**DESCRIPTION OF THE TASK**
From the entries below, reproduce exactly the line containing "Kényelmes és stabil", the line containing "Labradorite | a", and every line in between, with nothing added.

**DATASET RECORDS**

BEGIN

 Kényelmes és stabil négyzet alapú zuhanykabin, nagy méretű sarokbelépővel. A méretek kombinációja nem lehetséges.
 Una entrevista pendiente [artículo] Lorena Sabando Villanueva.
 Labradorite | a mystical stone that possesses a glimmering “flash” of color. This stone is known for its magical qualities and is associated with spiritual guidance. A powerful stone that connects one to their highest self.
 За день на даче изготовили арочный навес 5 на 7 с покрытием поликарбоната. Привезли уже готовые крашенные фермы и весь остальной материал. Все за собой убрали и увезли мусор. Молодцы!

END
BEGIN

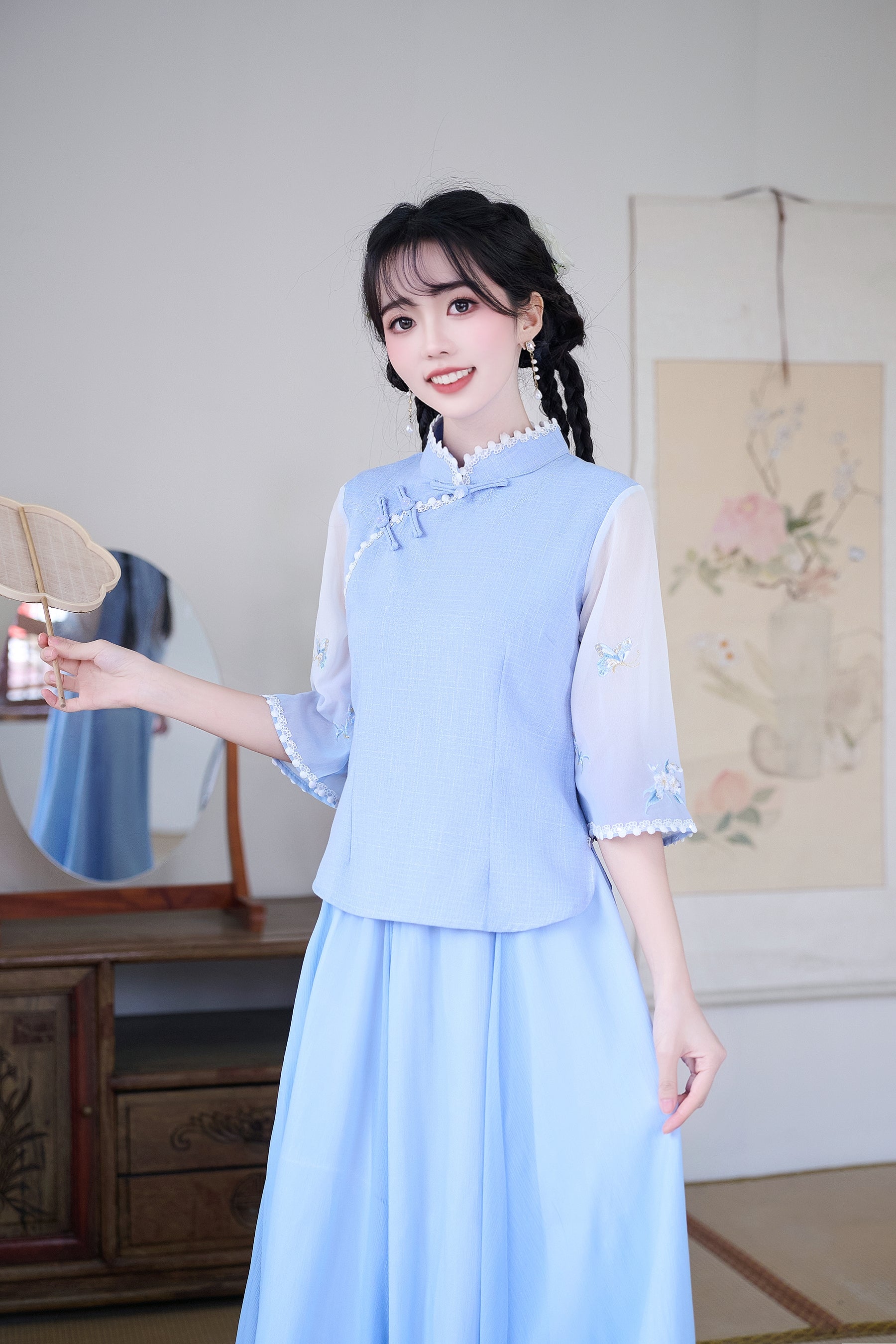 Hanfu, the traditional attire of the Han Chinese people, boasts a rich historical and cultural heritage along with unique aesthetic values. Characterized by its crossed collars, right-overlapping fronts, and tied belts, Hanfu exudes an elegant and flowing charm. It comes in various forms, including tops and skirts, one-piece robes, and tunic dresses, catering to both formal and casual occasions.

END

**THE ANSWER**
 Kényelmes és stabil négyzet alapú zuhanykabin, nagy méretű sarokbelépővel. A méretek kombinációja nem lehetséges.
 Una entrevista pendiente [artículo] Lorena Sabando Villanueva.
 Labradorite | a mystical stone that possesses a glimmering “flash” of color. This stone is known for its magical qualities and is associated with spiritual guidance. A powerful stone that connects one to their highest self.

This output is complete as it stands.